TASK DIRECTIONS => Beginning at the line that contains "Y-100B-F Y-100B-FZT Y-150B-F", reproduce the entries below exactly, ending with the line that contains "73029916 alte Postkarte". Omit each picture.

PROVIDED RECORDS START

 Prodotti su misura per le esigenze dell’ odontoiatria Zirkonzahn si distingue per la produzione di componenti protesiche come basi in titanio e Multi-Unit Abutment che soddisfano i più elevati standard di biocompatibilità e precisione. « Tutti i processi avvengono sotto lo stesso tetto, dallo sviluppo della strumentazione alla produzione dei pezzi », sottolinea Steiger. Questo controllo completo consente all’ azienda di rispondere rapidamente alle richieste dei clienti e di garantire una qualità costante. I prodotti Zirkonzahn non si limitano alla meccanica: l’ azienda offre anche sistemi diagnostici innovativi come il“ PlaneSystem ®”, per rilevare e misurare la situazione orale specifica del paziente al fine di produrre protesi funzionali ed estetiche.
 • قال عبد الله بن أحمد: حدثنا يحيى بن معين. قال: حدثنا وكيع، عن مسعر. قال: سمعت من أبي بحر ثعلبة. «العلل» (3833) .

PROVIDED RECORDS END
PROVIDED RECORDS START

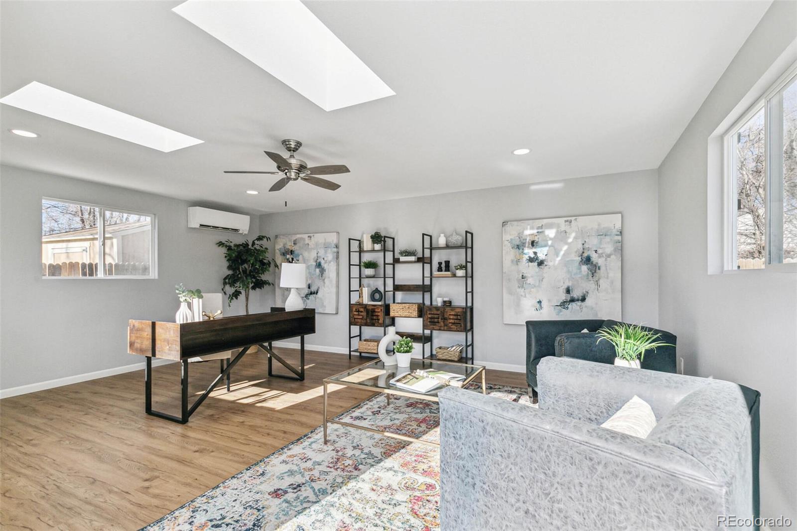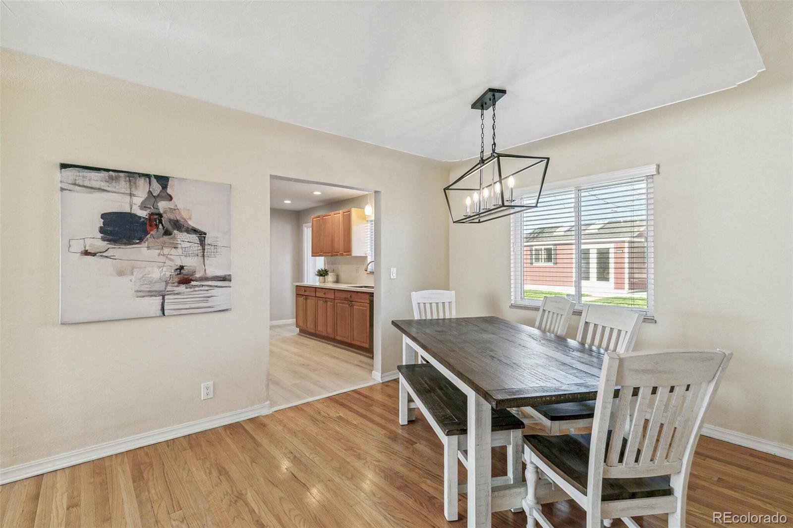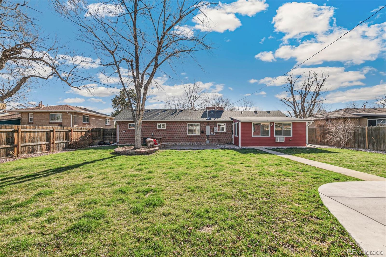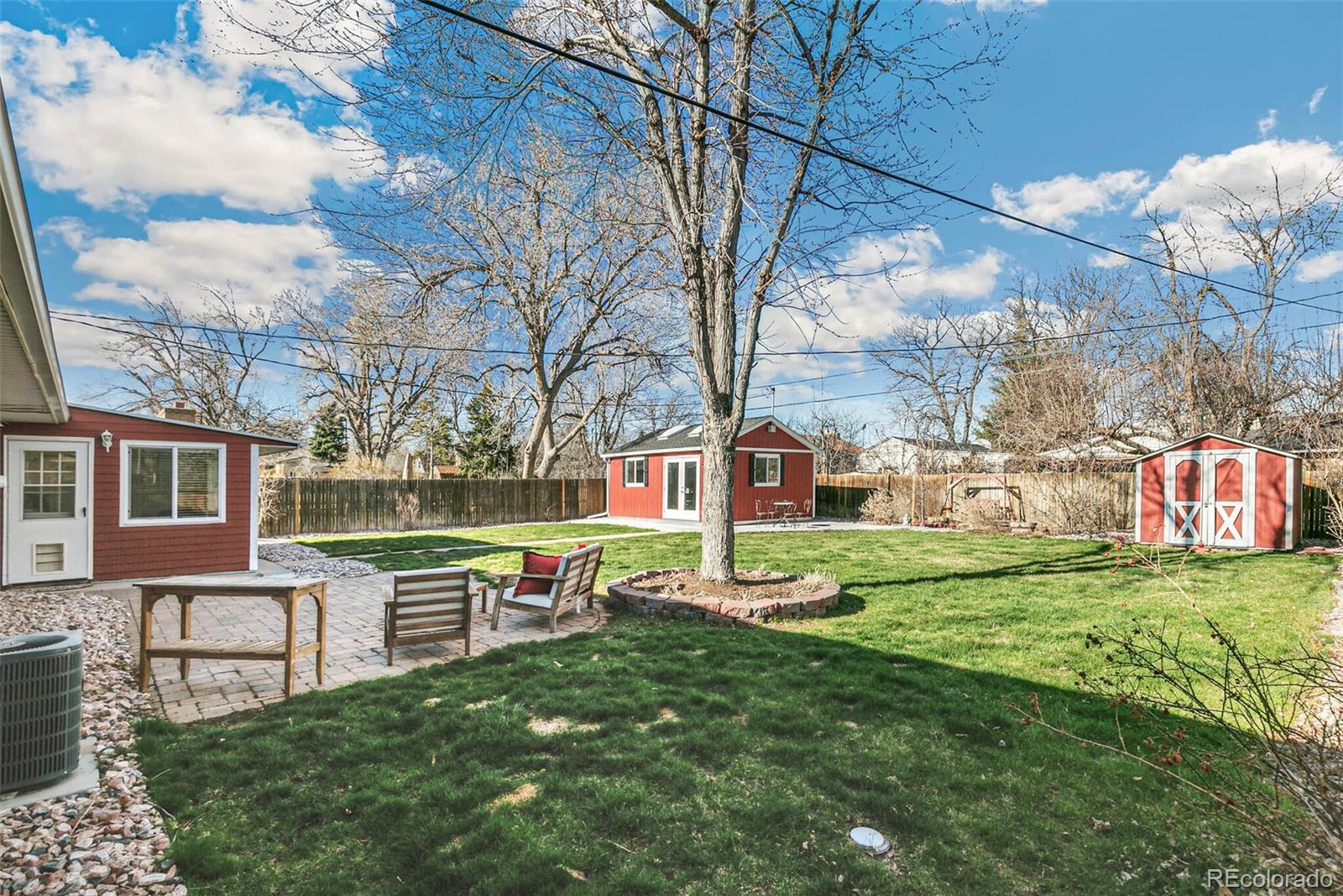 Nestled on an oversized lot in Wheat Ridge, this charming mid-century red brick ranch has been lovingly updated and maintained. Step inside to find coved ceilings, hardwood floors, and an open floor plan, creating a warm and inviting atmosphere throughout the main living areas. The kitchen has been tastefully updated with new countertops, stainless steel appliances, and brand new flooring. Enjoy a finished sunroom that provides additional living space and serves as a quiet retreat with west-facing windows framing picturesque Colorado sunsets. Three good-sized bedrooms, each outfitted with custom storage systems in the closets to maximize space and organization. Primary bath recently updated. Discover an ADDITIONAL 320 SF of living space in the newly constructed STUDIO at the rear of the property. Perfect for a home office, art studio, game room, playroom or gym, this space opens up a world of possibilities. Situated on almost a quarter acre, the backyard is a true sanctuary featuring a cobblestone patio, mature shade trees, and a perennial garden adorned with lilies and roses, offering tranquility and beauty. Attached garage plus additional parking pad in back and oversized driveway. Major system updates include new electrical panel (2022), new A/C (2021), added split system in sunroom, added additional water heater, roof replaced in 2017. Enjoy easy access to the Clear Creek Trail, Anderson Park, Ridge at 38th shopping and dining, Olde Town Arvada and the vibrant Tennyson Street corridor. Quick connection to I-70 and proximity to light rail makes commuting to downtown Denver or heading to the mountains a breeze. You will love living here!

PROVIDED RECORDS END
PROVIDED RECORDS START

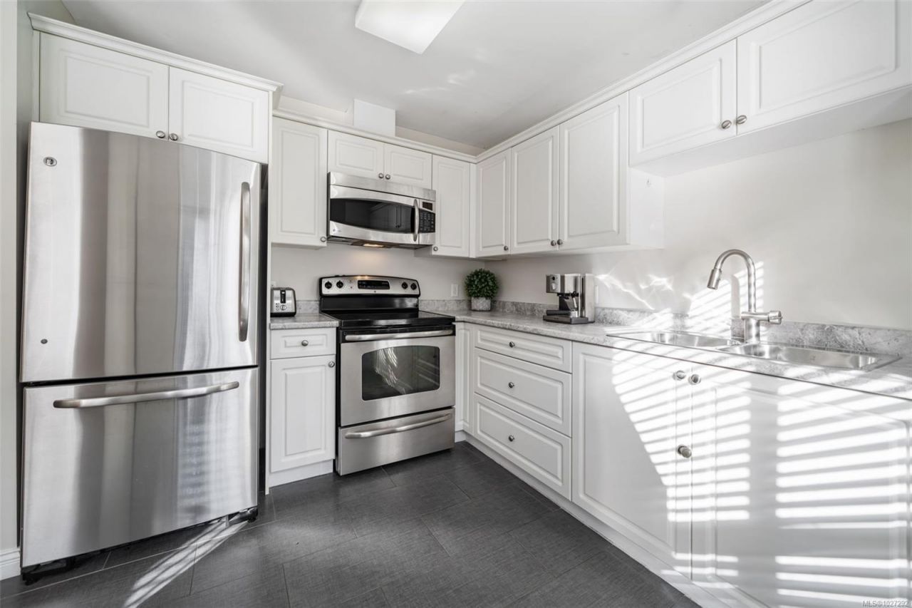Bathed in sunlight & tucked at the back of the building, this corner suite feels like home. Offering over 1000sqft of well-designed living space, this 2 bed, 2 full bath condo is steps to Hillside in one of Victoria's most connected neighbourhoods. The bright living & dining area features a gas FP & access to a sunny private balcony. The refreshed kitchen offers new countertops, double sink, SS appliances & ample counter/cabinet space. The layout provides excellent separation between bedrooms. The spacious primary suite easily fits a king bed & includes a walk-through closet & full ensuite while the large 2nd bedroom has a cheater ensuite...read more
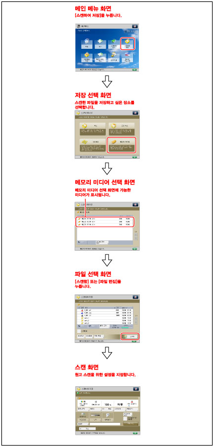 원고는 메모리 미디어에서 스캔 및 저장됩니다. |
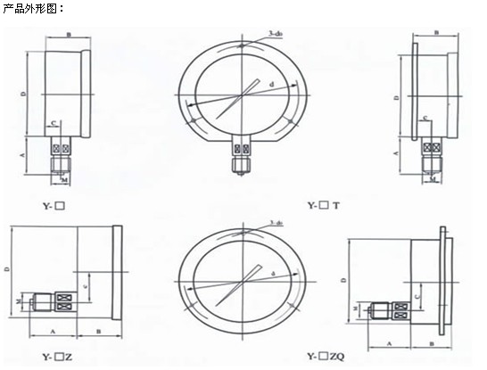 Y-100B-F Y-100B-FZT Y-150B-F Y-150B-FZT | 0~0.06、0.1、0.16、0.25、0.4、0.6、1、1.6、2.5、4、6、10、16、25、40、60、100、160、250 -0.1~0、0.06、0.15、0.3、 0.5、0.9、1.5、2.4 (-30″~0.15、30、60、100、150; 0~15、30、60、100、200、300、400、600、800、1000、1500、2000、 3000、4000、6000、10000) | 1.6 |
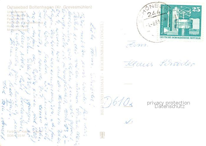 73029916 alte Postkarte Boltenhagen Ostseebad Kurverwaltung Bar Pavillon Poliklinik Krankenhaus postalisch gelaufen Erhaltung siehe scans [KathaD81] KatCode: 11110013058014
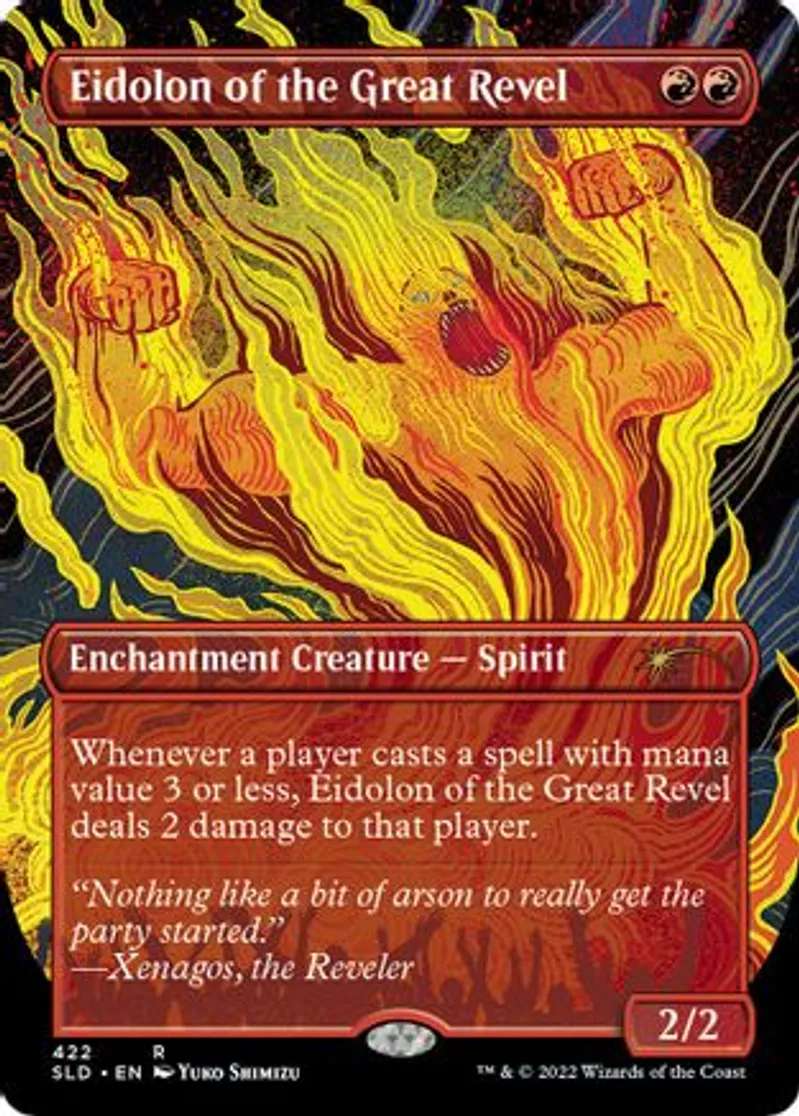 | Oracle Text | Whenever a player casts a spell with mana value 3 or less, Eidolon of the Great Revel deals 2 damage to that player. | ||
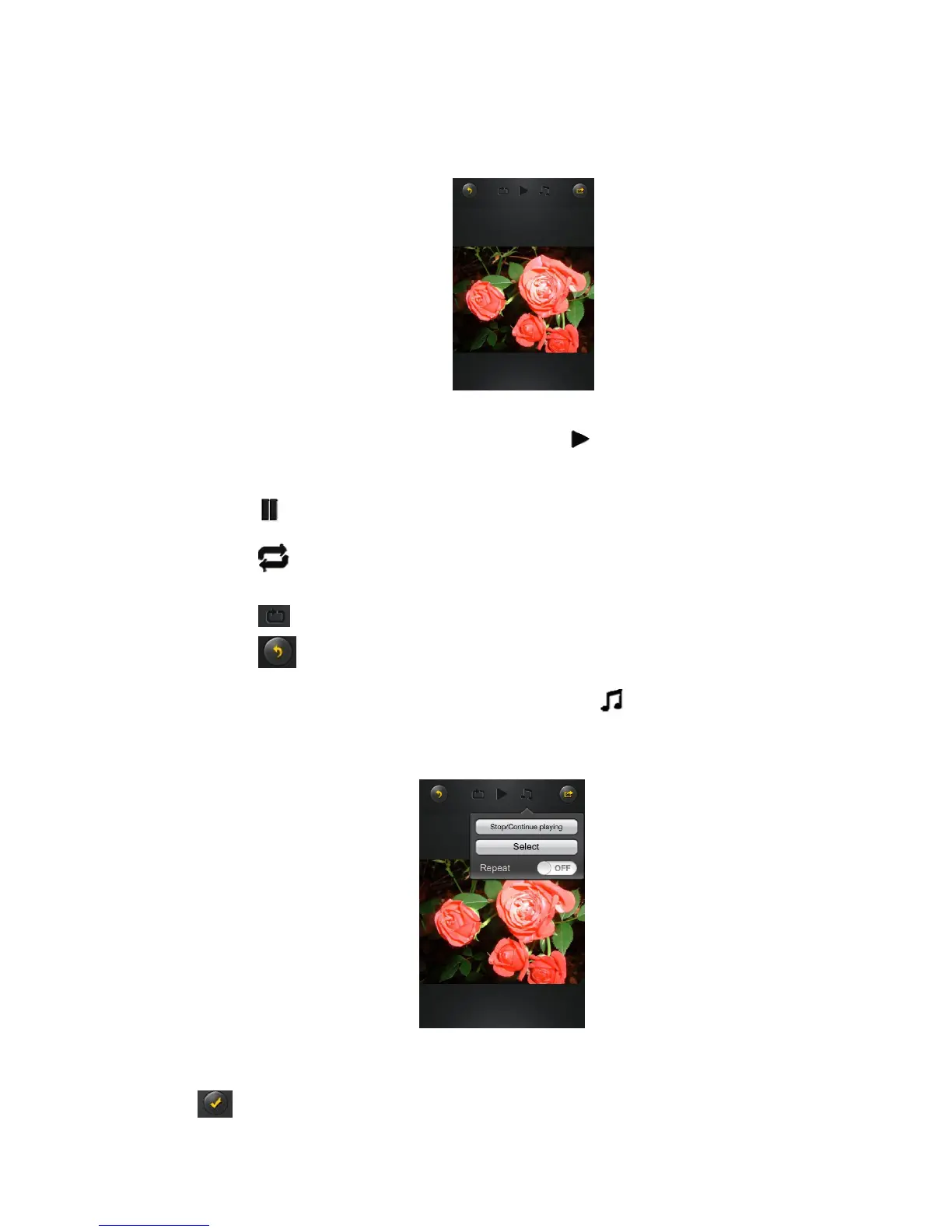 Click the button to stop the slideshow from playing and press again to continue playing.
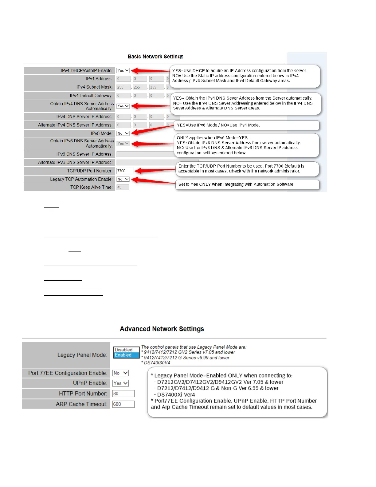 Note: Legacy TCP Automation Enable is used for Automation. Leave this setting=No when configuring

PROVIDED RECORDS END

TASK OUTPUT =>
 Y-100B-F Y-100B-FZT Y-150B-F Y-150B-FZT | 0~0.06、0.1、0.16、0.25、0.4、0.6、1、1.6、2.5、4、6、10、16、25、40、60、100、160、250 -0.1~0、0.06、0.15、0.3、 0.5、0.9、1.5、2.4 (-30″~0.15、30、60、100、150; 0~15、30、60、100、200、300、400、600、800、1000、1500、2000、 3000、4000、6000、10000) | 1.6 |
 73029916 alte Postkarte Boltenhagen Ostseebad Kurverwaltung Bar Pavillon Poliklinik Krankenhaus postalisch gelaufen Erhaltung siehe scans [KathaD81] KatCode: 11110013058014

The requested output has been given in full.